By Ek Madra
Under the new proposal, the long-awaited tribunal's three-year lifespan would grow by two years, dragging out proceedings until 2011 even though most of the Khmer Rouge's leading cadres are old and in poor health.
"We have no choice but to expand," court spokesman Peter Foster told Reuters shortly after the start of a bail hearing for "Brother Number Two" Nuon Chea, charged last year with war crimes and crimes against humanity.
An estimated 1.7 million people were executed or died of torture, disease or starvation under Pol Pot's 1975-79 reign of terror as his dream of creating an agrarian peasant utopia descended into the nightmare of the "Killing Fields".
SURPRISE
One Phnom Penh-based diplomat said the request for more money had been in the pipeline, but its size was a surprise.

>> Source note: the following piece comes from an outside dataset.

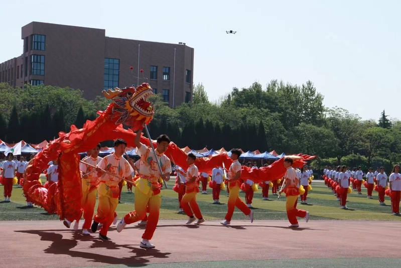 阳光洒落在操场,同学们手持彩龙舞出激情四溢的韵律。他们通过扭、挥、仰、跪、跳、摇等多种动作变化出各种造型。龙首上移下摆,龙身紧相跟随,龙尾矫健有力,龙腾盛世,祝福祖国,祝福学校兴旺发达。笑容如花绽放,那是青春最美的模样;一束束花球如碧波在荡漾,那是最靓的青春影像。绿草如茵,繁花似锦,她们用自己飞扬的青春跳出对时代的赞礼。

Foster said he hoped countries such as Japan, which has bankrolled much of the proceedings so far, would dig deep to ensure the court achieved the aim of prosecuting "those most responsible" for the atrocities without compromising standards.
The expanded budget would be mainly for more court staff, and translation and transcription as well as victim and witness support, Foster said. It also suggests prosecutors might widen their net well beyond the five already in custody.
"I have no desire to leave my beloved country," he told a courtroom packed with reporters.
The court is not expected to announce its decision for several days, but he is extremely unlikely to be released.
Besides Nuon Chea, top cadres now in custody are former president Khieu Samphan, former foreign minister Ieng Sary and his wife, Ieng Thirith, and Duch, head of Phnom Penh's Tuol Sleng, or "S-21" interrogation and torture centre.